Anders Esmark (University of Copenhagen)

Since the 1980’s, liberal democracies have seen the emergence of a late modern technocracy guided by the principles of 1) connective governance linking interests, identities, forms of knowledge and resources in the face of changes brought about by new information and communication technologies (ICT’s), digitalization and the proliferation of informational networks in the network society, 2) risk management ensuring constant organizational change, adaptation and flexibility in the face of increasing complexity, uncertainty and wicked problems in risk society, and 3) performance management ensuring evidence, learning, development and accountability in the experimentalist society. Indeed, the intersecting principles of connectivity, risk and performance constitutes a model and program for the organization and government of society no less fundamental than the early technocratic model of planning and social engineering.

 

These principles imbue late modern technocracy with an aggressive anti-bureaucratic stance coupled with an embrace of democratic vocabulary, which is a point-to-point inversion of the embrace of bureaucracy and overtly anti-democratic stance found in early technocracy.
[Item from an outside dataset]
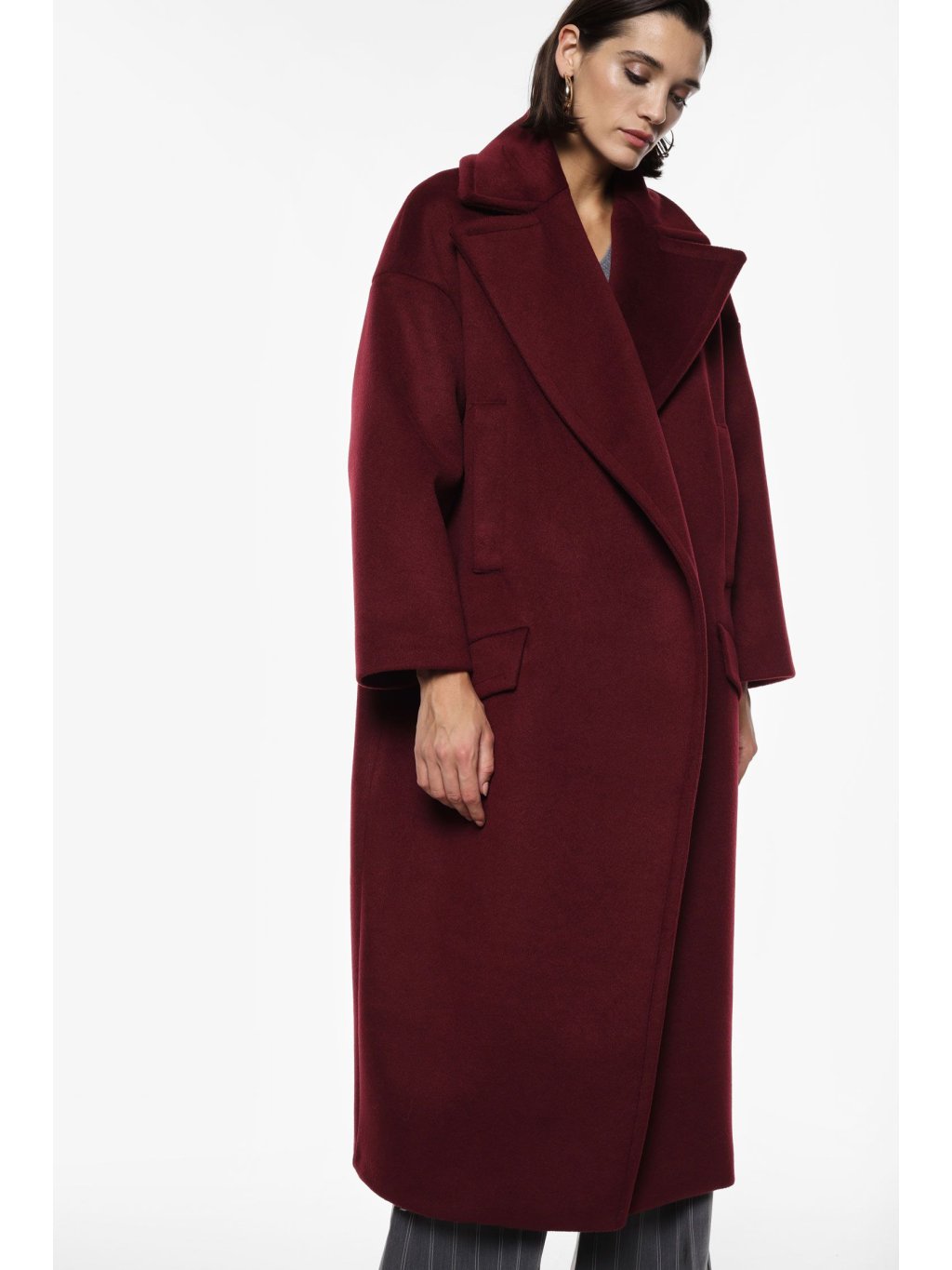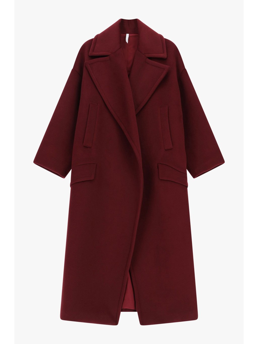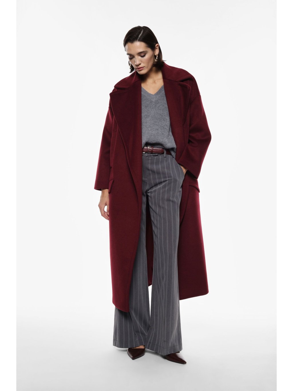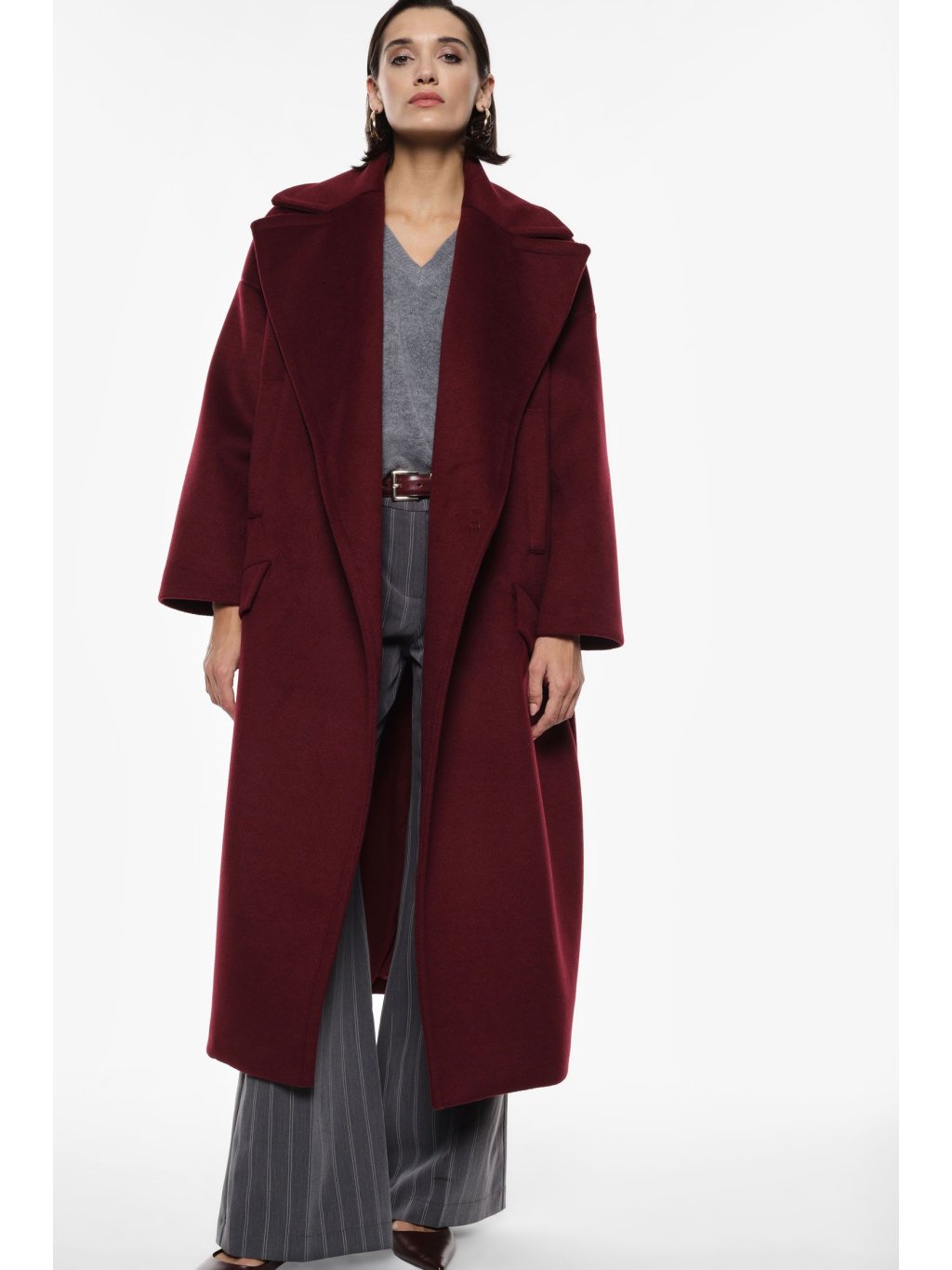 Oversize kabát v odtieni burgundy od značky Imperial prináša ikonickú siluetu v najženskejšej podobe. Bohatý vínový tón pôsobí ako farebný akcent celého outfitu, no zároveň si zachováva eleganciu a nadčasovosť.

Nevertheless, the agenda of the new governance paradigm is permeated by the scientific-technological rationality, an ideology of scientific management, depoliticization and the organizational culture of the new technostructure. The principles of connectivity, risk and performance carry may appear more timely, subtle and ambiguous than outdated vision of the great social machine envisioned by early technocrats, but their onslaught on democracy is all the more effective for the very same reason. The paper takes up three issues of particular relevance here:

 

A) Connective governance has made administration and government more open to stakeholder participation, communication and dialogue. However, ICT’s and the informational logic of networks are not inherently democratic and networks are not inherently avenues of connective action and political contestation, even if they are often presented as such. For one, networks are often exclusive, offering participation primarily to those in possession of critical knowledge resources. Moreover, the form of deliberation is mostly technical and focused on problem solution. Simply pushing networks higher on the ladder of participation will not, however, make connective governance inherently democratic. Participation and deliberation, no matter how extensive, is deeply entrenched in technocratic concerns within the parameters of connective governance.

 

B) The increased reflexivity and awareness of governmental self-limitation associated with risk management may indeed lead to more openness towards external circumstances, resources and perspectives. Reflexivity is not, however, an invitation to the exercise of free and unbounded debate and contestation. It is a particular mode of thought and action strictly limited to the parameters of continuous adaptation, resilience and even ‘survival’.

 

C) In similar fashion, accountability, which is undoubtedly the most crucial concept in the late modern bid for democratic legitimacy of scientific management, may well produce more governmental transparency and offer new possibilities to citizens as service users, co-evaluators and even co-producers of public policy. Rather than a strong standard of democratic representation, participation or deliberation, however, accountability invokes a standard of output legitimacy based on the ability to take necessary action and deliver results.